- HOW TO COMPLETE THIS TASK:
The material below contains a line with "This postcard captures" and a line with "Values for 3D". Copy exactly those two lines and all lines between them.

- SOURCE RECORDS:
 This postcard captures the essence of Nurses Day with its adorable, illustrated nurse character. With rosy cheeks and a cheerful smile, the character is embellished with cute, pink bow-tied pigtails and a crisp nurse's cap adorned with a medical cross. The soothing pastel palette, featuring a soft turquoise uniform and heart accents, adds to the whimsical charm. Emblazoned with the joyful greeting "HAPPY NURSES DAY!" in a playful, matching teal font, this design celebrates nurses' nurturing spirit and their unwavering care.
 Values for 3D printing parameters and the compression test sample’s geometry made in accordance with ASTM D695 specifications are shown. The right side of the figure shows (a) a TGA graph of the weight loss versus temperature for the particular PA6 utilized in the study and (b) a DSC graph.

---

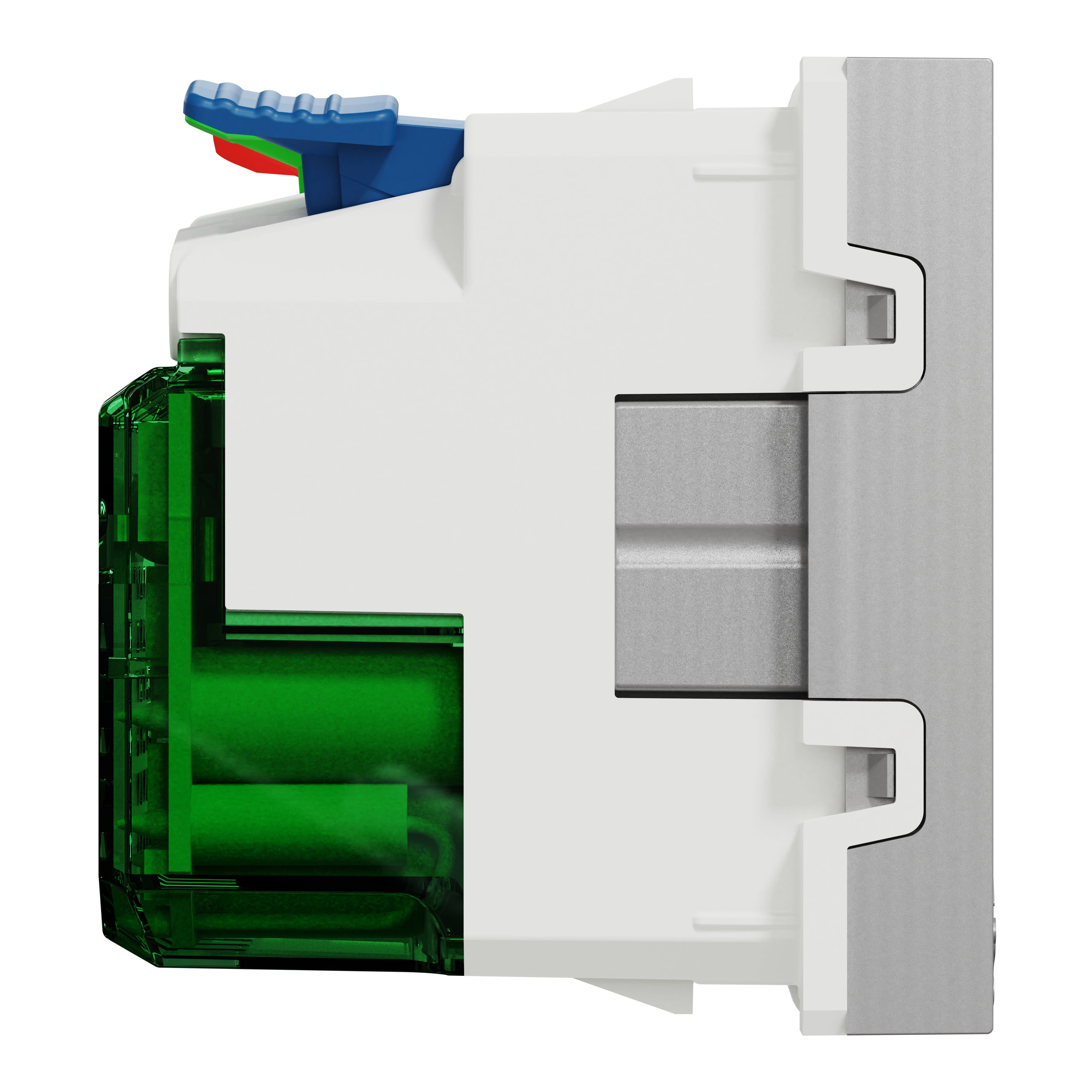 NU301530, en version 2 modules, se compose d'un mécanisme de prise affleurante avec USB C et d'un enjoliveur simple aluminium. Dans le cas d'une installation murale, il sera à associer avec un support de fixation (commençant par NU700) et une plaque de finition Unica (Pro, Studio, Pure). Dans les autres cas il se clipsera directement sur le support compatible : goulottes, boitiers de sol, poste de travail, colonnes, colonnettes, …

- OUTPUT FOR THIS TASK:
 This postcard captures the essence of Nurses Day with its adorable, illustrated nurse character. With rosy cheeks and a cheerful smile, the character is embellished with cute, pink bow-tied pigtails and a crisp nurse's cap adorned with a medical cross. The soothing pastel palette, featuring a soft turquoise uniform and heart accents, adds to the whimsical charm. Emblazoned with the joyful greeting "HAPPY NURSES DAY!" in a playful, matching teal font, this design celebrates nurses' nurturing spirit and their unwavering care.
 Values for 3D printing parameters and the compression test sample’s geometry made in accordance with ASTM D695 specifications are shown. The right side of the figure shows (a) a TGA graph of the weight loss versus temperature for the particular PA6 utilized in the study and (b) a DSC graph.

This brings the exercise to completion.